No idea what that means. Assuming it has something to do with the catalytic converter? Would that cause it to just stop, and not start up even after sitting 12 hours?


----------



## G33kyG1rl (Nov 4, 2014)

So we've replaced the catalytic converter, or rather the entire pipe that the catalyst is on. It still kept stopping. We also replaced cam sensor and crank sensor with the ones with the metal on the end after that. It's still doing the same thing. I really have no idea what to replace now. At a total loss after just dropping $200 in probably unnecessary parts. The car is not driveable at all, and 2 people rely on it to get to work.
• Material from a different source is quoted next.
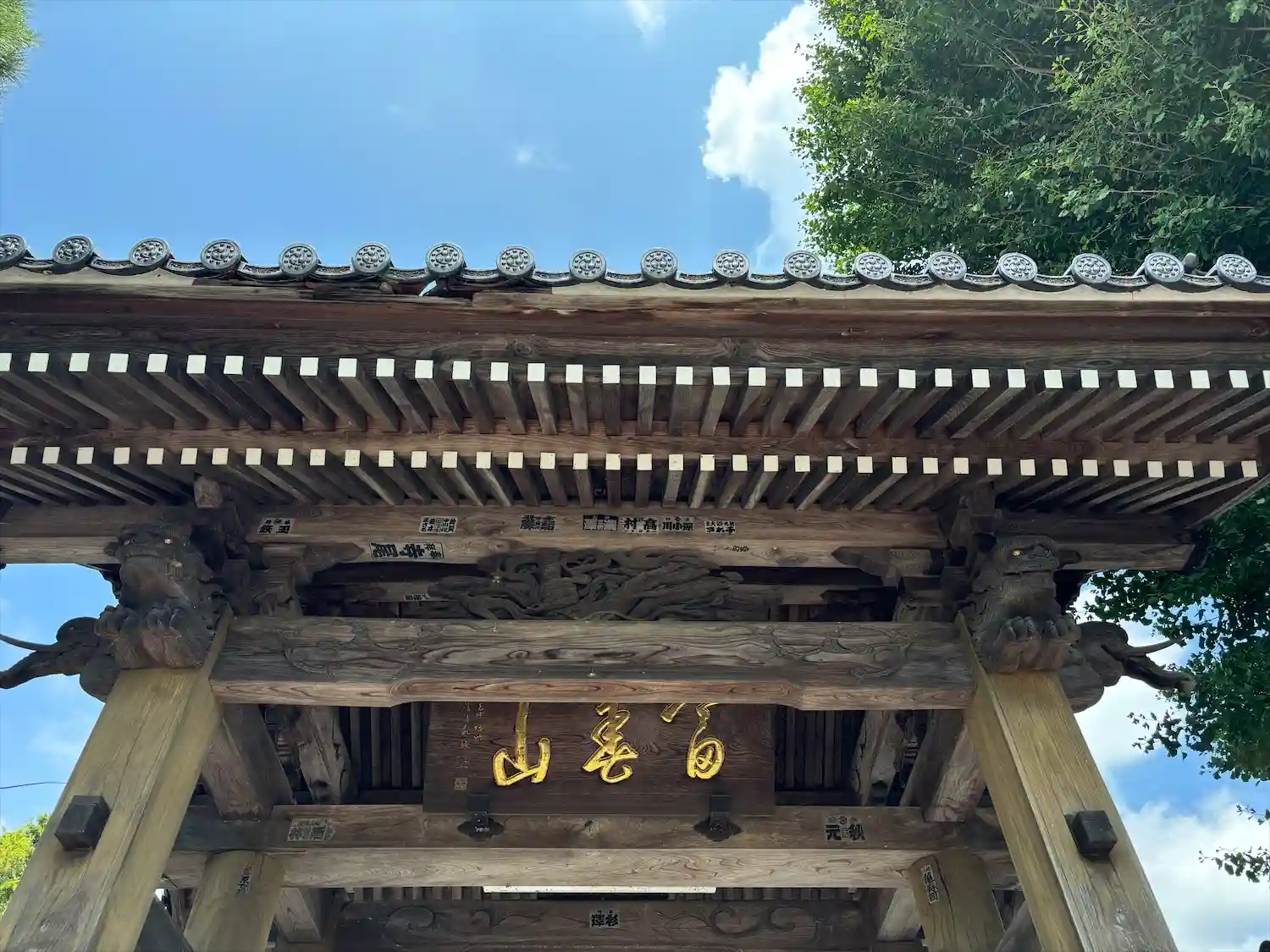 山門の横に大きなイチョウの木があります。

Any help would be much appreciated.


----------



## rogoman (Dec 16, 2004)

You were probably getting a code P0300 (Multiple cylinders misfire). Here are several things that could cause this code:

- Improper spark plug
- Insufficient cylinder compression
- Incorrect fuel pressure
- Dirty injectors
- Intake system vacuum leak
- Heated oxygen sensor 1 (front top)


----------



## G33kyG1rl (Nov 4, 2014)

rogoman said:


> You were probably getting a code P0300 (Multiple cylinders misfire). Here are several things that could cause this code:
> 
> - Improper spark plug
> - Insufficient cylinder compression
> ...


That's the funny thing, the computer isn't popping any codes at all anymore. Why would it be shutting down like that without popping codes?


----------



## rogoman (Dec 16, 2004)

Check the engine grounds for tightness and any oxidation. You might consider SPEEDO's recommendation for the sensor kit.


----------